***** Data in this exercise *****
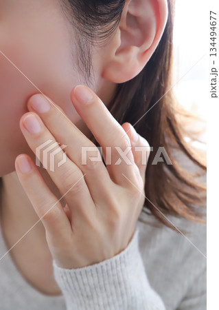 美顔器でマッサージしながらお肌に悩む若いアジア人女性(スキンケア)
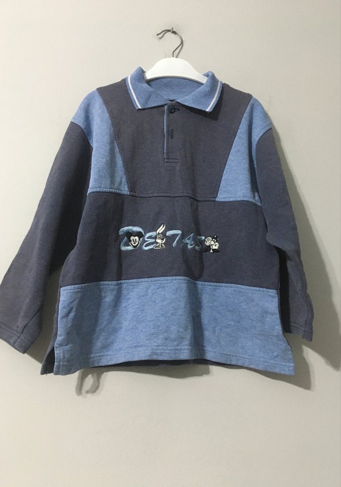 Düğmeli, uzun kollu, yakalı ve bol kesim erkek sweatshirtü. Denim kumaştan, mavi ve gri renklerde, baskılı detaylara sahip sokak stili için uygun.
*****
***** Data in this exercise *****
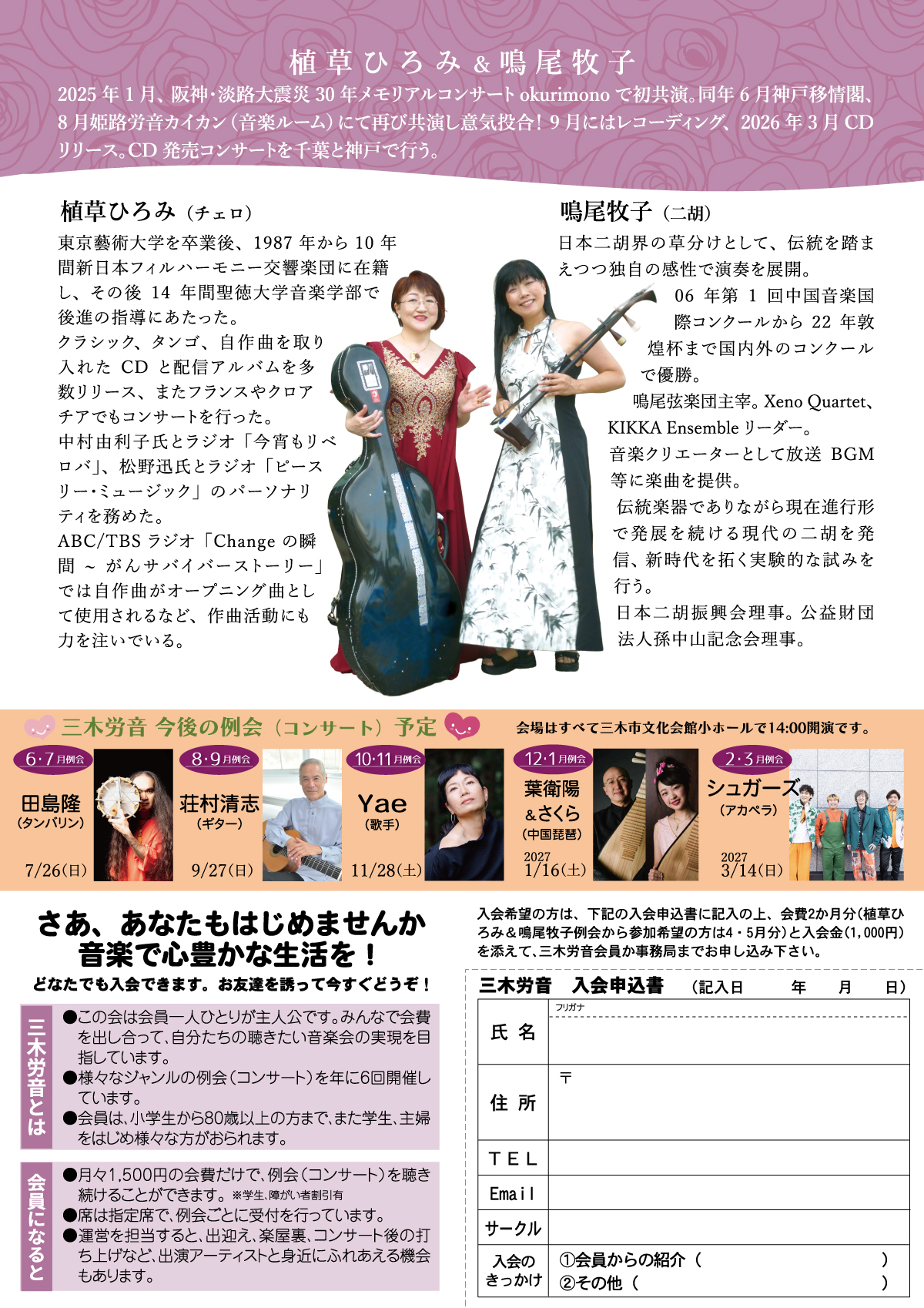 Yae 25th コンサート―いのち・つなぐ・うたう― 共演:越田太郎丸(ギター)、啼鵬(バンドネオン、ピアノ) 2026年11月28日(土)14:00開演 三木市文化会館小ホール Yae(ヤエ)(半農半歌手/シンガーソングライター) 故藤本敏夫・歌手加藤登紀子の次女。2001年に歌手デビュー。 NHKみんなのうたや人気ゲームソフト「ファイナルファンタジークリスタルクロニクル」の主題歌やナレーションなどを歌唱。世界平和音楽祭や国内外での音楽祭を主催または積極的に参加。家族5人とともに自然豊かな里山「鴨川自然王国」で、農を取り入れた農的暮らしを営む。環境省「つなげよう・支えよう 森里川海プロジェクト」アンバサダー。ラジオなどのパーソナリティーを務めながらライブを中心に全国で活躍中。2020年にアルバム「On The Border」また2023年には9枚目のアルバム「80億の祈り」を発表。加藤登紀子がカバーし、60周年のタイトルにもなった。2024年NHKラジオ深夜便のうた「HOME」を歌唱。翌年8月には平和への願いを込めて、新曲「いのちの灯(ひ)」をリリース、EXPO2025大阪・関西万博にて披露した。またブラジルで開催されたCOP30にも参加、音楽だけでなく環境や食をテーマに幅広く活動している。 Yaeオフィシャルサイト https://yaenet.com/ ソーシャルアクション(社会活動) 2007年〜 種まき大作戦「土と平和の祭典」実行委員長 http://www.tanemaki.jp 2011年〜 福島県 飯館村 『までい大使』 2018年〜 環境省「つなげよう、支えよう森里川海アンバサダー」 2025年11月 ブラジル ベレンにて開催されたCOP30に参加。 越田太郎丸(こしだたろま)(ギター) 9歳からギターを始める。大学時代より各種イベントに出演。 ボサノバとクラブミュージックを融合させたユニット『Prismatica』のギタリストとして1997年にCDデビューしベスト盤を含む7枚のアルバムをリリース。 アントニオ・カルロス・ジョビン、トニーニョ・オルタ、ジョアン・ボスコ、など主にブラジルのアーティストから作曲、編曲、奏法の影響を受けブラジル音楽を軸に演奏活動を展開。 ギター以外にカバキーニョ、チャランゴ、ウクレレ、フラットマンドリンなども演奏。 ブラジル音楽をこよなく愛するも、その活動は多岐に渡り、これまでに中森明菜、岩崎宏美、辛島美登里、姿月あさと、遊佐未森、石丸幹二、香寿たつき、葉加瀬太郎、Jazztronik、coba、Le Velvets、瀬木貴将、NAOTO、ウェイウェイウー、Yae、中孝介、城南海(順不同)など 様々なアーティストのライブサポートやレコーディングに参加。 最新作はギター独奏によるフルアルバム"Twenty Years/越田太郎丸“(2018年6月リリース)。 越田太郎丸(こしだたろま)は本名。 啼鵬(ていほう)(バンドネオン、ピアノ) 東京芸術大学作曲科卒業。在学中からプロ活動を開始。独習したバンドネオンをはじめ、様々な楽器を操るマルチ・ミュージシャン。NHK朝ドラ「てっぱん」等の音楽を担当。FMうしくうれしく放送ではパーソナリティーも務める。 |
*****
Restate the lines above from the one containing "美顔器でマッサージしながらお肌に悩む若いアジア人女性(スキンケア)" through the one containing "Düğmeli, uzun kollu, yakalı", inclusive, exactly and without pictures.

Output of the exercise –
 美顔器でマッサージしながらお肌に悩む若いアジア人女性(スキンケア)
 Düğmeli, uzun kollu, yakalı ve bol kesim erkek sweatshirtü. Denim kumaştan, mavi ve gri renklerde, baskılı detaylara sahip sokak stili için uygun.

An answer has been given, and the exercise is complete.